Relationship of Advanced Glycation End Products With Cardiovascular Disease in Menopausal Women

Magdalena Pertynska-Marczewska ¹, Zaher Merhi ^2,^✉

PMCID: PMC4565470 PMID: 25228634

Abstract

Cardiovascular disease (CVD) represents the most significant cause of death in postmenopausal women. Advanced glycation end products (AGEs) are formed by nonenzymatic modification of proteins, lipids, and nucleic acids by glucose. This review focuses on the contribution of AGEs and their receptors to the development of CVD in menopause. Advanced glycation end products circulate and activate the proinflammatory endothelial cell surface receptor called RAGE, bind to the extracellular matrix of the cardiovascular system, or bind to the circulating anti-inflammatory soluble form of RAGE (sRAGE). Data emerging from human and animal studies suggest that AGEs and both receptors (RAGE and sRAGE) are implicated in the pathophysiology of CVD. Particular emphasis has been given to the role of AGE–RAGE axis in oxidative stress, inflammation, endothelial cell toxicity, and progression of atherosclerosis in menopause. Data accruing from human and animal studies suggest that RAGE expression level and circulating sRAGE level are associated with estradiol and are correlated with CVD risk factors, such as adiposity, dyslipidemia, insulin resistance, diabetes, and metabolic syndrome. By recognizing the impact of AGEs on atherosclerosis, pharmacological strategies targeting the AGE–RAGE pathway hold therapeutic potential for CVD in menopausal women.

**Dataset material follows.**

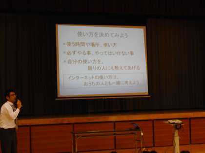 インターネットの仕組みや、インターネットの長所・短所を分かりやすく教えていただきました。インターネットを使う上で大切なこと・知っておかなければならないことは、1.途中に必ず記録が残るということ 2.知らない人が見るかもしれないということ 3.一度公開するとすべては取り消せないということ 4.気持ちが伝わりにくいということ 5.本当かどうか分からないということ だそうです。便利なインターネットを安全に利用できるよう、ご家庭でもぜひ話題にしてみてください。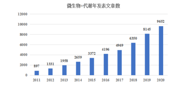 小編先在PubMed網(wǎng)站搜索了一下微生物組和代謝在2011-2020年的發(fā)文情況。以微生物組和代謝組為關(guān)鍵詞搜索文獻數量信息。從數據中我們可以看到,微生物和代謝相關(guān)文章在逐年增加,47.3%的微生物發(fā)表文獻中都包含代謝組,微生物組+代謝組研究已逐漸成為微生物研究中的重要多組學(xué)研究思路。

Keywords: cardiovascular disease, advanced glycation end products, RAGE, sRAGE, atherosclerosis, menopause

Introduction

The natural loss of ovarian function gives rise to menopause, a phase in a woman’s life that is characterized by loss of reproductive competence. During this period, women acquire an increased risk of cardiovascular disease (CVD), osteoporosis, cognitive dysfunction, diabetes, dyslipidemia, and mortality.¹ Cardiovascular disease is recognized as the most significant cause of death in postmenopausal women.¹ In addition to the traditional CVD risk factors such as smoking, hypertension, obesity, and dyslipidemia, advanced glycation end products (AGEs) have been recently recognized for their contribution to CVD. Most of AGEs’ biological effects are mediated through the receptor RAGE, present on the cell membrane of several tissues including the cardiovascular system.² The activation of RAGE generates oxidative stress and modulates cellular and tissue fate. On the other hand, the soluble form of RAGE (sRAGE) acts as a decoy by binding AGEs thus preventing them from binding to the proinflammatory RAGE receptor.^3,4 Data accruing from human and animal studies suggest that RAGE expression level and circulating sRAGE level are associated with estradiol and are correlated with CVD risk factors. This review underscores the implications of AGEs and their receptors in CVD in menopause with a focus on adiposity, insulin resistance, dyslipidemia, and hormone replacement therapy.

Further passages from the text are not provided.